Over 3 months, LCD, 8-h TRE, and their combination all reduced body weight and subcutaneous fat in adults with metabolic syndrome. TRE, with or without LCD, additionally reduced visceral fat and improved fasting glucose, uric acid, triglycerides, and TG/HDL-c ratio, with higher adherence than LCD. The combined LCD+TRE intervention produced the greatest weight loss and improvements in insulin sensitivity and diastolic blood pressure but increased LDL-c and had lower willingness to continue. Collectively, an 8-h TRE regimen—without or with LCD—emerges as an effective strategy to reduce visceral obesity and cardiometabolic risk in MetS. Future research should include longer-term, multicenter trials across diverse populations, randomized comparisons of early versus late TRE, inclusion of control groups, objective dietary intake monitoring, and mechanistic studies to disentangle weight-loss–dependent versus independent effects on visceral fat and metabolic health.

Limitations
  • Self-reported dietary intake and adherence introduce recall bias; dietary logs were optional and may be incomplete. Meal-eating window estimates relied on 2-week recall of meal times and did not capture snacks or day-to-day variability, likely underestimating true eating windows.

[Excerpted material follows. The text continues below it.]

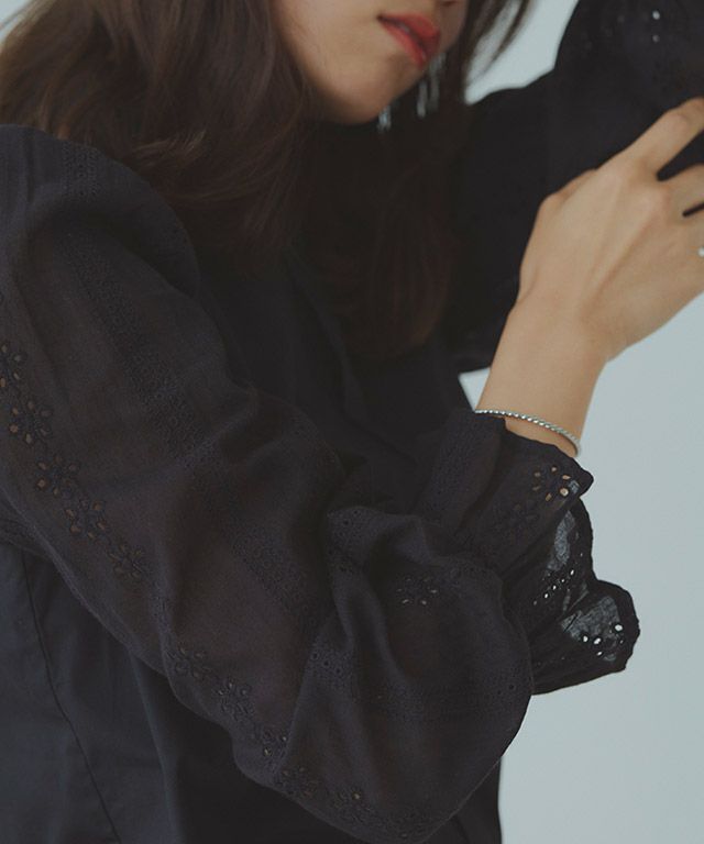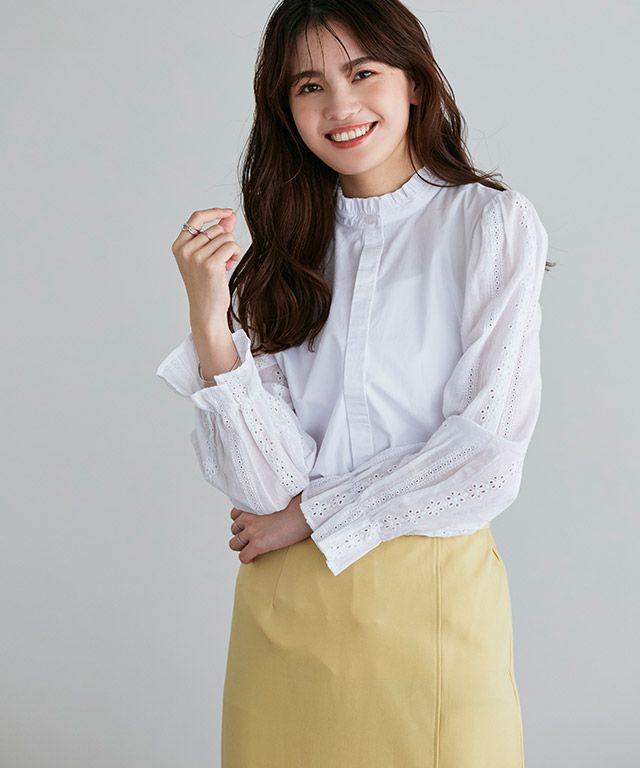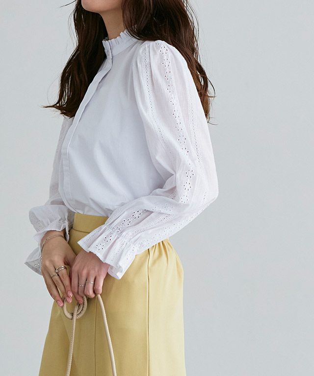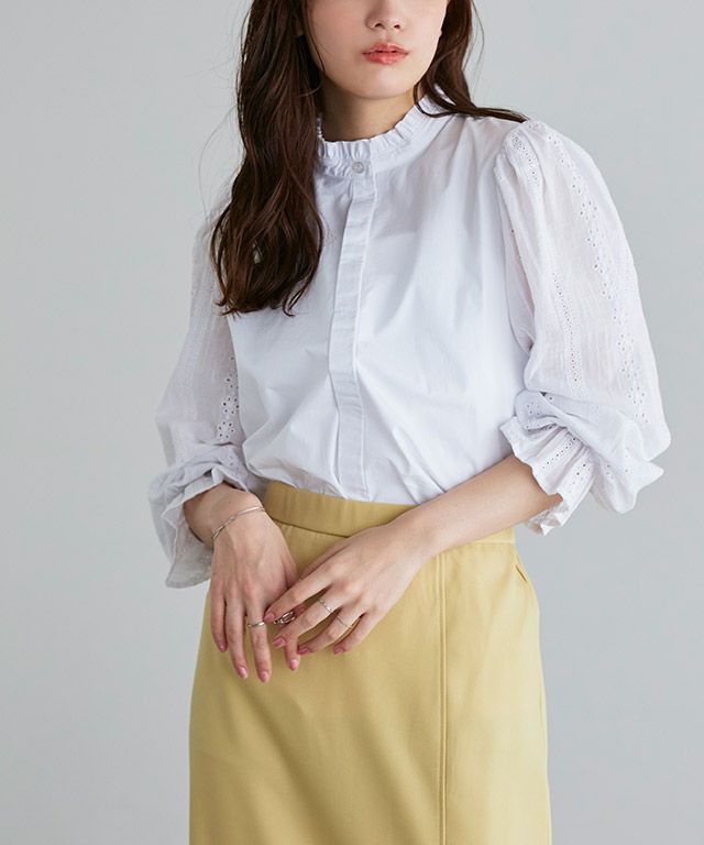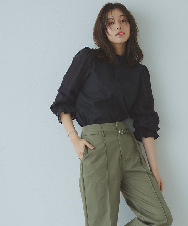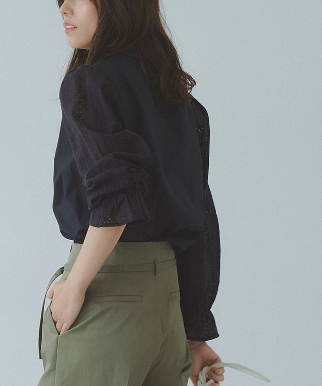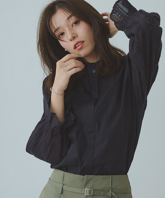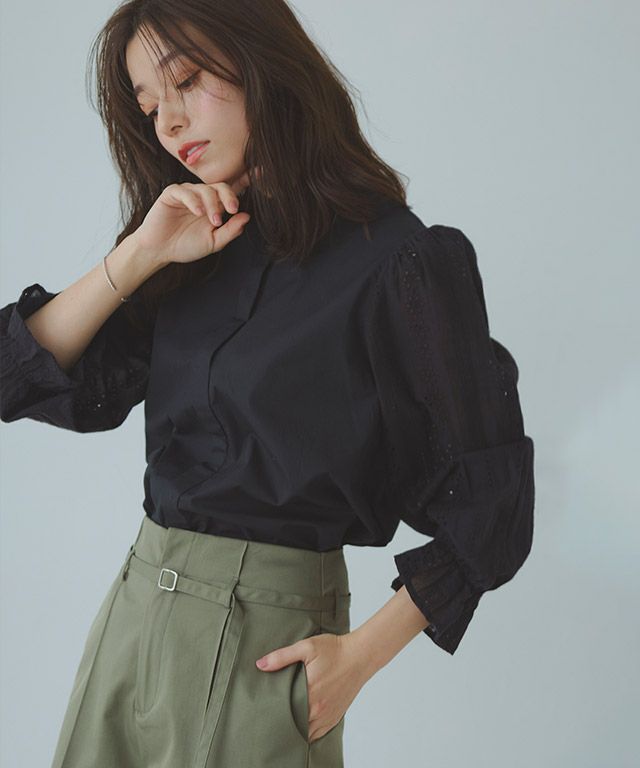 袖に施したレースと印象的なフリル襟が、華やかな印象に導くデザインブラウス。程良くボリュームのあるキャンディスリーブが女性らしさを高めてくれます。身頃は比翼デザインですっきりとメリハリのあるバランス感に。
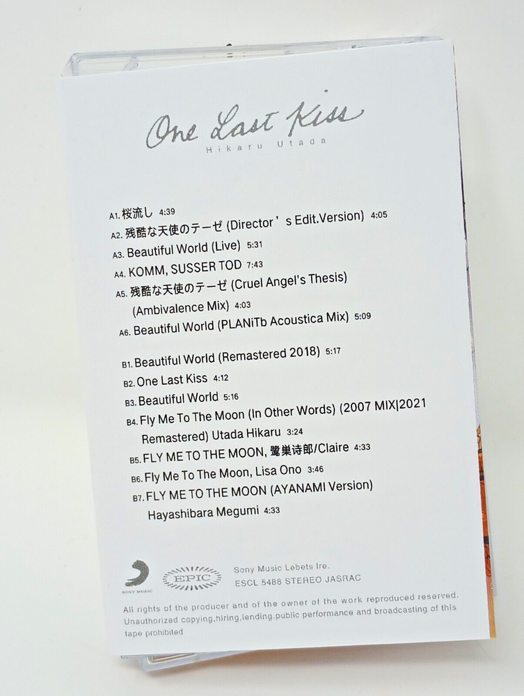 The Cassette Tape - "One Last Kiss" features the artist Utada Hikaru's soundtrack for Neon Genesis Evangelion on an orange cassette format. The cassette contains music from the animation score/soundtrack genre, specifically from the anime series Neon Genesis Evangelion. Fans of the series and collectors of physical music formats will appreciate this unique cassette tape release of the soundtrack.

  • Except for the combination group, LCD and TRE alone did not achieve clinically significant ≥5% weight loss over 3 months; longer trials are needed to assess sustained weight loss and health benefits.
  • Early vs late TRE comparisons were exploratory (non-randomized subgroup choice, small sample sizes).
  • No non-intervention control group was included.
  • Higher adherence days in TRE vs LCD may confound comparisons. Generalizability is limited to Chinese adults in Shaanxi; validation in other races/ethnicities is needed.